Review: VIA Artigo Pico-ITX Builder Kit A1000

Say you needed a small PC with low power requirements to install inside a car or even inside a PCs drive bay. Well, friend, you should consider $300 VIA’s Artigo Pico-ITX. This tiny thing out-minis the Mac Mini and can run fast enough to put some of your older PCs to shame.


The Pico is an ultra-lightweight compact PC marketed to hobbyists and PC enthusiasts alike. It’s about half the size of a DVD-Drive and will even fit in a spare 5.25” drive slot – it even has the necessary mounting holes). Exact measurements are 5.9 x 4.3 x 1.8 inches (15 x 11 x 4.5 cm) and it weighs around one pound.

Suffice it to say, the unit is tiny for a functional PC. The Pico-ITX has 4 USB ports, a power button (with proper click action), power & HDD indicators, audio jacks, a standard VGA connector and standard Ethernet port; all within a vented high luster black case. There are also a slew of cables to connect up any other things you may need like a ps2 keyboard or DVD-Drive. The overall construction feels solid.

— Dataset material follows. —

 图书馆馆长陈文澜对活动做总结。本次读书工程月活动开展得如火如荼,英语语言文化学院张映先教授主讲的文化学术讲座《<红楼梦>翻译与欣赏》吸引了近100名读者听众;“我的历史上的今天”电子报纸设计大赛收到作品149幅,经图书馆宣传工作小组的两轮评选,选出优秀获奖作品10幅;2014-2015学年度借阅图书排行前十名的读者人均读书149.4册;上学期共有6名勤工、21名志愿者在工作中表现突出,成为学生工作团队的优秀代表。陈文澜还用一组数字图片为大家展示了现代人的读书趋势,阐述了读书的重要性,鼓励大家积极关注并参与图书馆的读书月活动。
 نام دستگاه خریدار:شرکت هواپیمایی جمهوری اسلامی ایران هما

Our review unit came with a hard drive, RAM and embedded OS, but you will need to supply those separately for the retail units. There’s just the right amount of space for a standard 2.5” IDE hard drive and one memory module (uses SO-DIMM DDR2 533 MHz module). The maximum supported memory is 1GB – not much by today’s standards, but enough to run most applications.

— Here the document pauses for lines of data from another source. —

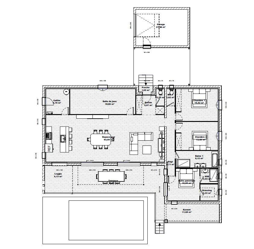Notre modèle se compose d'une grande salle de jeux, de 4 chambres, dont une suite parentale avec dressing et salle d'eau, offrant un grand espace de rangement pour vous simplifier la vie. Cet habitat de 157 m² habitable avec garage séparé de 21,66 m² réponds parfaitement à un mode de vie familial.
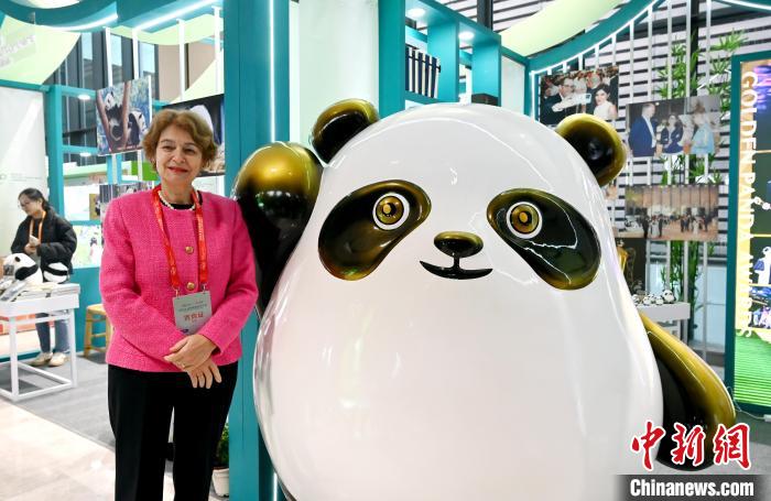 11月26日,四川成都,聯(lián)合國教科文組織前總干事、歐盟亞洲中心董事會高級顧問伊琳娜·博科娃與大熊貓玩偶合影留念。中新社記者 安源 攝
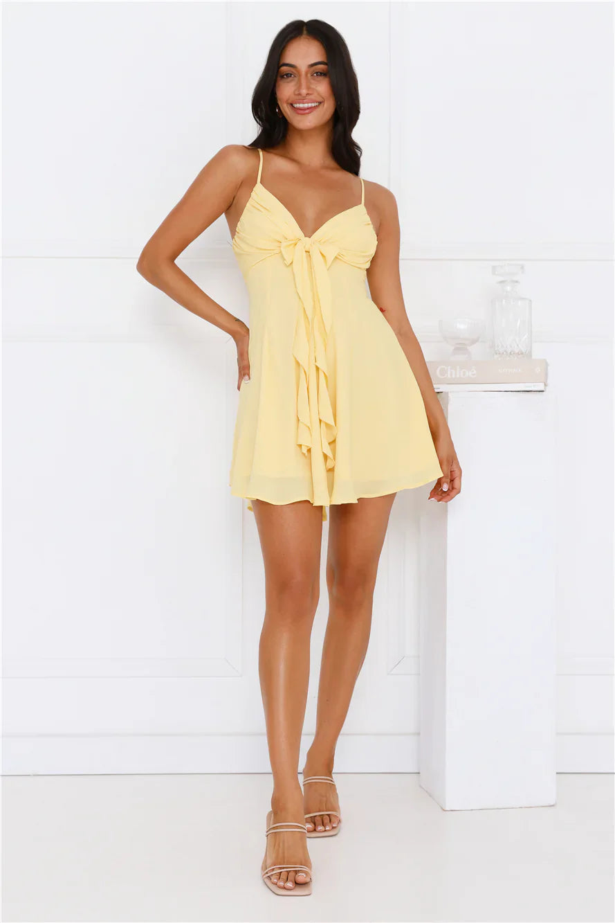 We're in love with the Earth Essence Mini Dress. Featuring a gorgeous bow with a frill detail and a flowy skirt. Style with heels and curls for all the attention.

Once connected, the system booted up into Windows CE Embedded 6.0 in around 15 seconds – not bad. Sadly, Windows CE 6.0 just doesn’t cut it unless you need a super light weight OS. Getting XP installed was a pain, but it can be done without a CD. Linux is also supported. VIA’s support website mentions that Vista is unsupported at this time – but considering the overall spec for this, performance would be abysmal. Noise levels were negligible.

Built around a VIA Esther (C7) CPU clocked at 1 GHz the Pico can accomplish many smaller tasks just fine. Geekbench rating for this kit was 384. Note: I wouldn’t use this to recode video, but it’s perfect as a mini media center for a car or for a home web server. One of the most attractive features is the low power consumption. With power consumption around 13 Watts (20W loaded) the Pico will cost less than $25 to run non-stop for a year.

Bottom Line
While this is not going to break any compute records, it is a solid platform to build upon.